В Москве нас откормили и отправили на восстановление связи. Наша бригада налаживала линию на участке Тула – Калуга. В небольшом городке Алексине я первый раз узнал, что такое бомбёжка. Нам нужно было протянуть и подвесить провода через реку Оку, для этого приходилось залезать в когтях на 30-метровую вышку. Алексин немец бомбил часто, им нужно было разбить мост. Однажды я только взобрался на столб и вдруг вижу: летит «юнкерс» на бомбёжку. Не помню, как я успел соскочить со столба – и в укрытие. Кругом стояли наши зенитки, поэтому самолёты низко спускаться боялись, бомбы попадали в основном в реку. Хотя в наших бараках все стёкла вылетели от взрывной волны. Нет, тогда нам страшно не было. Даже интересно. Молодые были», – не задумываясь, отвечает ветеран на мой вопрос.

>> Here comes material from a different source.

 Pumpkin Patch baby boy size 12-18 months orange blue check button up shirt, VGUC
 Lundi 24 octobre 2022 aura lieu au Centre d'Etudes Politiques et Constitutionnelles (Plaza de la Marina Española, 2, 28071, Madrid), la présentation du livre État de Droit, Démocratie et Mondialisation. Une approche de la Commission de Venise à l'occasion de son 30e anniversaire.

Как оказалось, весь страх у молодого связиста был ещё впереди. Выполнив задание, эшелон собирался в обратный путь. Но вместо дома ремонтников отправили в военкомат, откуда Анатолия распределили по специальности – в радиовзвод. «Месяц нас учили. Потом дали новое обмундирование, посадили в вагоны. В начале сентября 1942 года мы попали на линию фронта. Ночью пришли в расположение. Когда взошло солнце, оказалось, что мы находимся в небольшой роще. Осмотрелись, тут кухня пришла. Каша… ой, – расплывается в блаженной улыбке лицо старика. – Когда мы учились, кормили нас два раза в сутки, и то баландой, кусочек селёдки там плавает, несколько полосок капусты. В общем, были всё время голодные. А тут каша, да целый котелок. Я сижу ем. И тут налетели немецкие самолёты и давай кидать бомбы, обстреливать. Кругом летят снаряды. А я есть хочу и думаю: «Если и убьёт, так хоть наесться досыта». 

Когда рассвело, нас повезли по частям. Я попал в артдивизион. Ра-диосвязь была заполнена, меня поставили временно телефонистом в противотанковую роту. Дали мне коняку (а коней я любил). Чистил его, водил на Дон поить и купать. Жили так: на телефоне отдежурил, каждый день одному солдату положены 100 грамм водки-сырца и пачка махорки. А я не пью и не курю, мне этого не надо. Свою порцию я отдавал солдатам. Потом в снабжении узнали, что есть непьющие и некурящие, и мне стали возить конфеты. 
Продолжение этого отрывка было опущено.